Member of the New Jersey General Assembly from the 33rd district
- In office January 10, 1986 – January 14, 1988 Serving with Jose Arango
- Preceded by: Nicholas LaRocca Robert Ranieri
- Succeeded by: Bernard Kenny Bob Menendez

Personal details
- Born: 1937
- Died: June 30, 2004 (aged 66–67) Lakewood Township, New Jersey
- Party: Republican
- Spouse: Claire Mastropierro

= Ronald Dario =

American politician

Ronald A. Dario (1937 – June 30, 2004) was a Republican Party politician who represented the 33rd Legislative District in the New Jersey General Assembly from 1984 to 1986 and served as a Commissioner in Union City, New Jersey.

==Early life and education==
Raised in Hoboken, he played prep baseball, basketball and football at A. J. Demarest High School (since renamed as Hoboken High School) and attended Wagner College, where he competed for four seasons on the Wagner Seahawks men's basketball team.

==Political career==
After moving to Union City, New Jersey in 1960, he connected with William Musto, who was mayor of Union City and represented the district in the New Jersey Senate. In 1974, Dario ran as part of Musto's successful Your Operation Uplift campaign for Union City Commissioners, together with a slate that included Bob Menendez. Dario had won two terms on the Union City Commission, but by 1982 he had broken away from Musto after he had been indicted, and ultimately convicted, on corruption charges. Dario and other former Musto supporters ran as part of an Alliance Civic Association slate that lost the 1982 elections. After the slate won the 1986 election with support from the Republican Party, Dario had expected to be chosen as mayor but the Menendez was able to obtain the votes from his running mates that he needed to be elected mayor at the July 1 reorganization meeting. Dario split from Menendez and lost his bid for re-election in 1990.

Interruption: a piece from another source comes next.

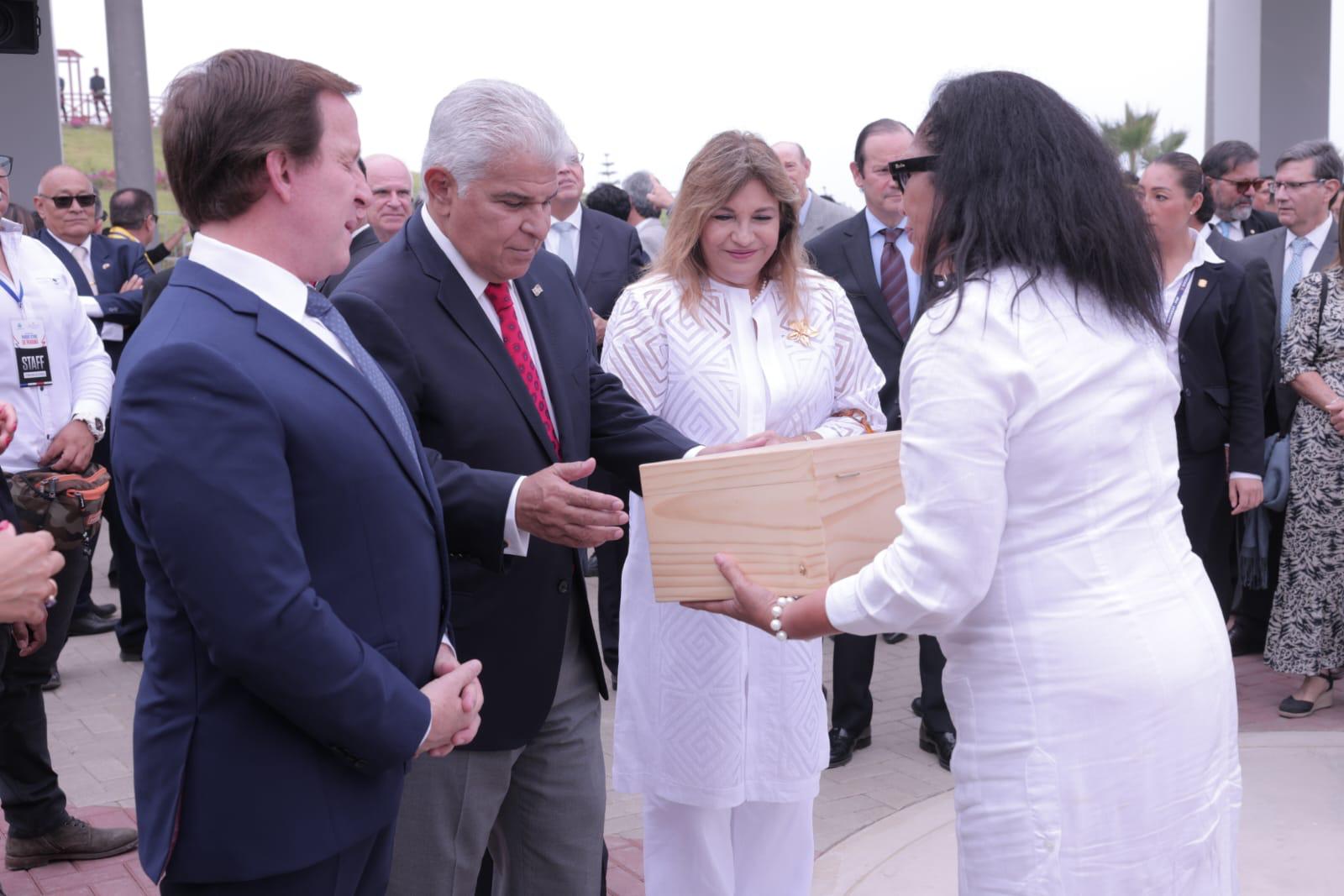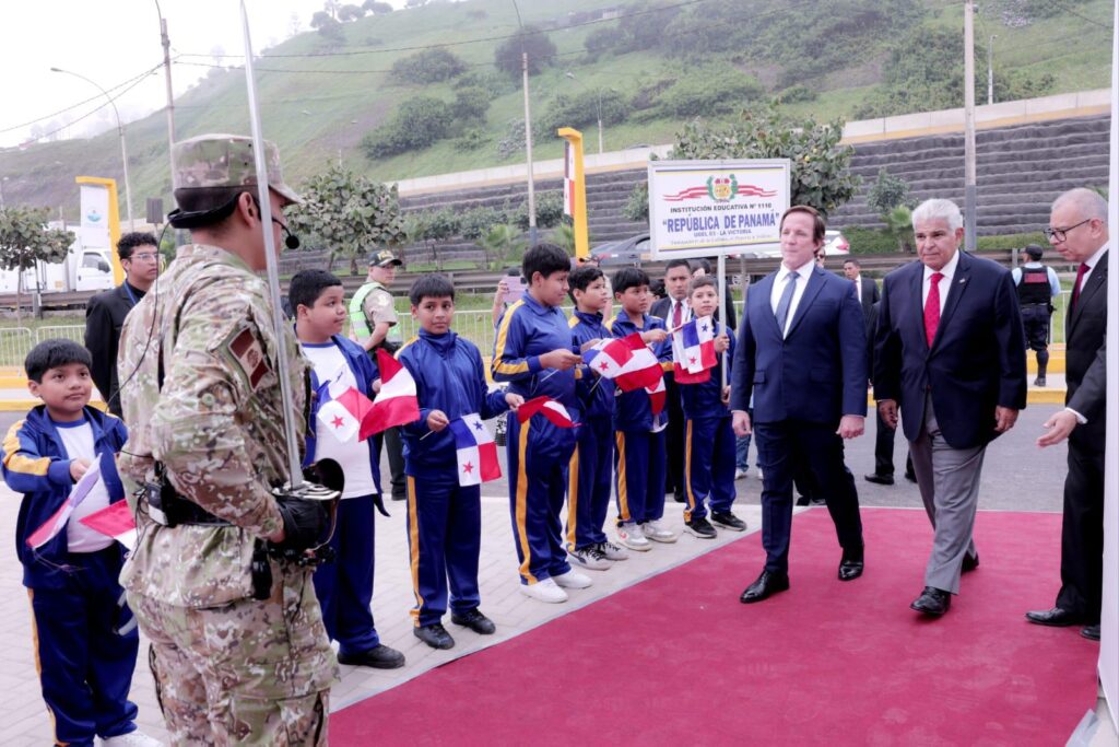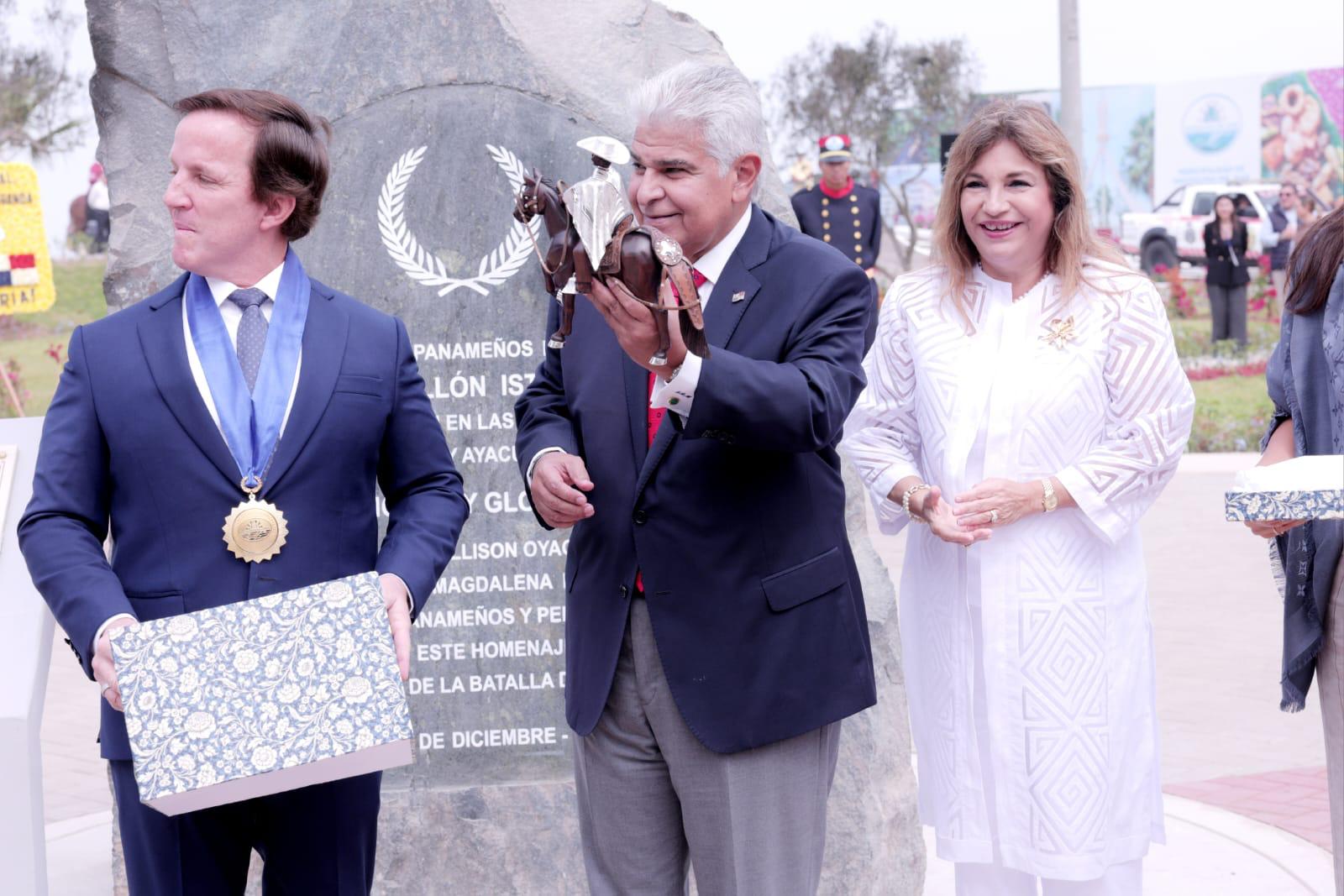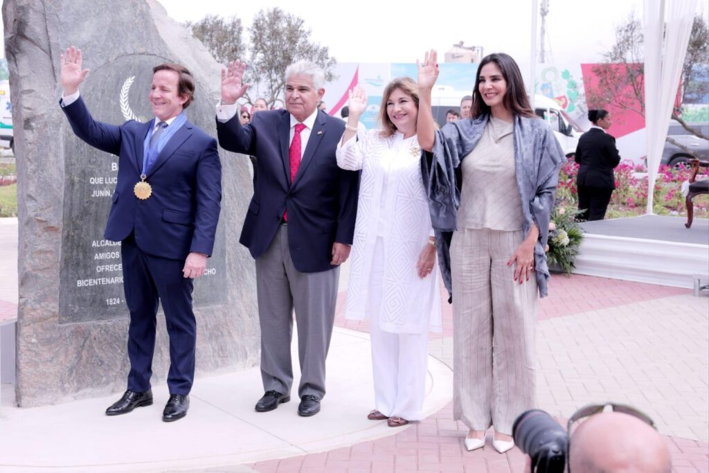 El presidente de la República, José Raul Mulino, participó hoy en la inauguración del Parque del Istmo de Panamá, en el distrito de Magdalena del Mar, en Lima, Perú, en un evento en el que fue recibido con los más altos honores militares y un acto cultural que incluyó danzas peruanas y panameñas como muestra de la relación entre ambos países.Acompañado de la primera dama, Maricel Cohen de Mulino, el mandatario recibió las llaves de la ciudad del distrito de Magdalena del Mar, por parte del alcalde, Francis Allison Oyague

In the 1985 general election, representatives of the Thomas Kean campaign for Governor of New Jersey encouraged Dario to run together with Jose Arango as the Republican candidates for the two General Assembly seats in the 33rd Legislative District. In defeating incumbent Robert Ranieri and newcomer Mario R. Hernandez, the two Republican victors were among a group of four who were the first to represent the county in the State Assembly in more than 60 years.

In his single two-year term in the Assembly, Dario was a co-sponsor of legislation that provided aided to struggling cities, that led to the state takeover of the Jersey City Public Schools and that prohibited warehousing of apartments in pending condominium conversions. Dario was co-sponsor of a bill that would mandate that a majority of tenants in an apartment building that is undergoing a conversion to condominiums, ending a system in which such conversions can be implemented without any say by existing tenants.

==Election results==

New Jersey general election, 1985
| Party |  | Candidate | Votes | % | ±% |
|---|---|---|---|---|---|
|  | Republican | Ronald A. Dario | 20,422 | 27.9 | +10.0 |
|  | Republican | Jose O. Arango | 19,748 | 26.9 | +9.7 |
|  | Democratic | Robert A. Ranieri | 17,443 | 23.8 | −8.9 |
|  | Democratic | Mario R. Hernandez | 15,671 | 21.4 | −10.8 |
| Total votes |  |  | '73,284' | '100.0' |  |

==Death==
A resident of Manchester Township, Dario died on June 30, 2004, at Paul Kimball Hospital (since renamed as Monmouth Medical Center Southern Campus) in Lakewood Township, New Jersey.